For magazines, a roommate used to subscribe to Bon Appetit and I really liked it. For websites, one I haven't seen mentioned yet is Simply Recipes, which has taught me how to cook a lot of things, and which has never steered me wrong.
posted by lunasol at 10:27 AM on January 17, 2017

Cooks Illustrated is the definitive answer for a magazine. Serious Eats is the definitive answer for a website. Alton Brown is the definitive answer for a TV show.

There is also something to be said for just plain-old trial and error. Especially for things like different techniques of cooking meat, or making sauces. Just to get a feel of the mechanics. Something like "this one, marinated for three hours, tastes better than this one that was marinated for 30 minutes". You can build from there.
posted by kevinbelt at 11:16 AM on January 17, 2017 [1 favorite]

Why do cookbooks bore you?

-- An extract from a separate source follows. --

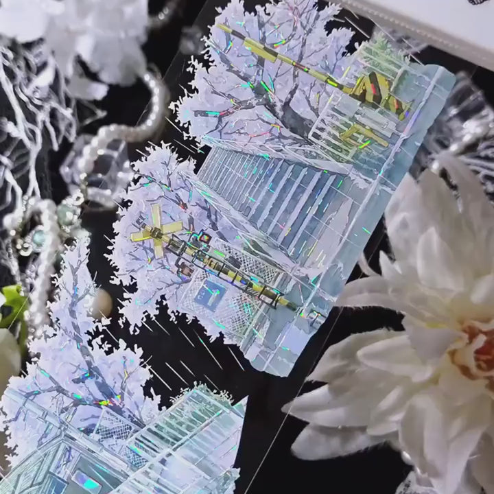 The Rainy Street Scene PET Tape features atmospheric rainy street visuals with layered urban scenery, making it ideal for scrapbook and journal creation, scene building, collage backgrounds, and card making.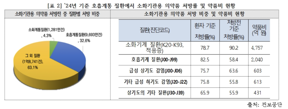 전체 위장약 처방 중 호흡기 질환 관련 처방이 33%(1억 건)에 달했으며, 이에 따른 약품비는 2000억 원 규모로 집계됐다. 특히 감기(급성 상기도 감염) 처방전의 63.6%에 위장약이 포함되어 있었고, 이로 인한 약품비는 603억 원이었다.

What do you like in a recipe?
posted by clew at 12:13 PM on January 17, 2017

Try the Wolfe Pit youtube channel, he does a lot of great recipes, as well as humorous reviews of horrible processed food to keep you entertained.
posted by 445supermag at 12:53 PM on January 17, 2017

I suggest Youtube videos. I'm inspired by many channels, for cooking like Food Wishes, Maanchi (for Korean food), Hillah Cooking, and for traveling and eating like Mark Wiens. The New York Times has a lot of food videos on Youtube, like Mark Bittman and Melissa Clark. I like Nigella Lawson, too.
posted by feste at 3:21 PM on January 17, 2017

Nothing inspires me like those 30-second cooking videos. Check out the Tasty YouTube channel for some examples of what I mean. Would that work? I do know how to cook so I'm not sure if those are too abbreviated or not. I know that there are also some websites that have videos like this that have companion detailed recipes too.
posted by rabbitrabbit at 3:55 PM on January 17, 2017

Thirding Cooking Light. I used to subscribe and have made a real lot of recipes from there and was never once disappointed. The recipes are simple, imaginative, and healthy. The magazine went through a huge nadir of dumbing-down in the last five years, but has figured out what people really want from it and is getting back on its feet as of the last year or so. I recommend it strongly. Bon Appetit has also gotten a lot better in recent years.

I also like Cook's Illustrated, but it's probably a little finicky/obsessive for a cook just learning. I also enjoy Saveur. It has recipes, but it's not really about cooking so much as it is about food culture. It's always fascinating and I've learned a lot from it.
posted by Miko at 5:39 PM on January 17, 2017 [1 favorite]

My Cook's Illustrated amazingly easy thanksgiving turkey was so good I did turkey for christmas, too, just so I could eat it again. And they had mashed potatoes figured out in the same issue. Corned beef. There's something good in every issue.